FedEx is closing offices and parking aircrafts to deal with revenue for the first fiscal quarter, which was below expectations due to declining package volumes moving around the world.
CEO Raj Subramaniam said in a press release that he is cutting costs, freezing hiring and closing 90 FedEx offices, along with parking some cargo aircrafts. The company will cut Sunday ground operations and close five corporate offices.
The company said in the release results from its biggest unit Express had been curbed by macroeconomic weakness in Asia and service challenges in Europe, resulting in a $500 million shortfall compared with the company forecast. FedEx Ground saw its revenue around $300 million below the company forecasts.
The company has said it is focused on boosting profit margins and streamlining operations amid higher fuel and wage costs.

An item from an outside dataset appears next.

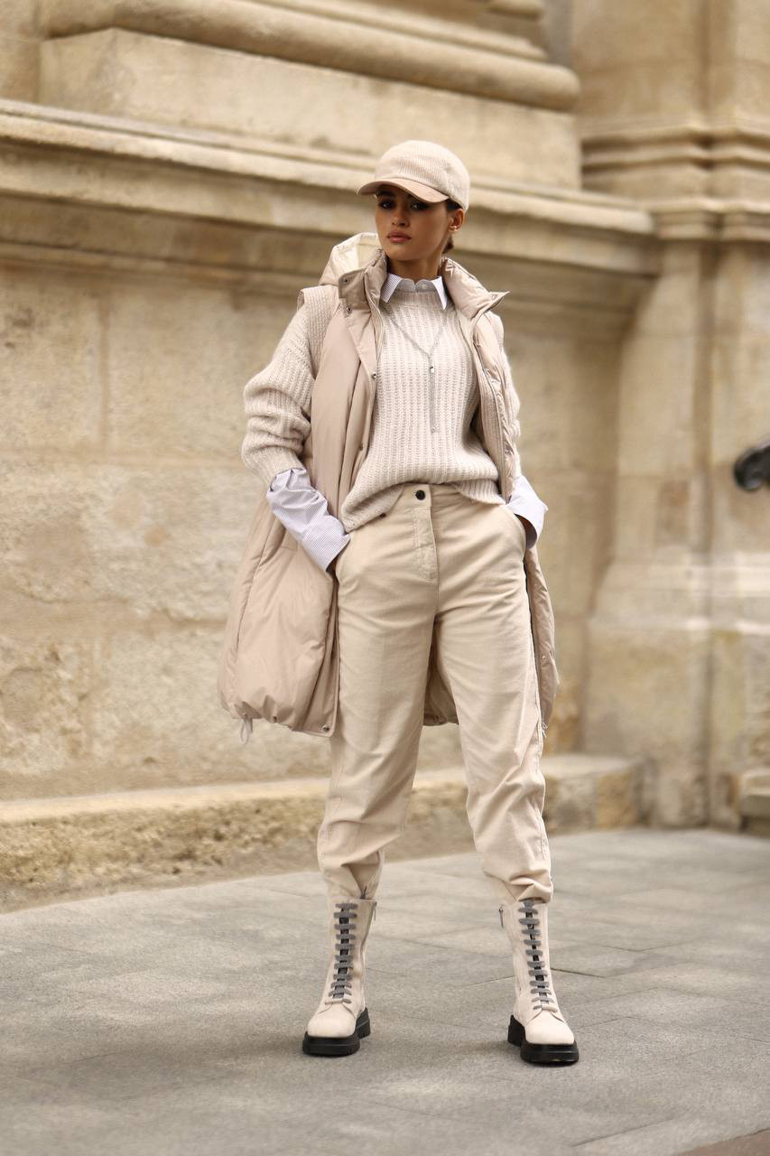 Бежевий пуховий жилет з ланцюжком моніль

Package volume has declined because of a cooling-off of pandemic-era online shopping costs.
In late June, as FedEx faced some of the same issues with the decline in online commerce, officials with the company laid out some plans.
Read more: As eCommerce Slows, FedEx Says It Will Rely on Efficiency
“We have dealt with economic crises before,” Subramaniam said at the time. “Cycles come and go. To be very clear, we are not assuming a deep economic recession. If the economy slows down to a mild recession, we can manage through it.”
Subramaniam said in June it would be important to boost efficiency in the next few years. It would co-locate some ground and express sorting facilities and have FedEx Ground handle more packages currently handled with FedEx Express.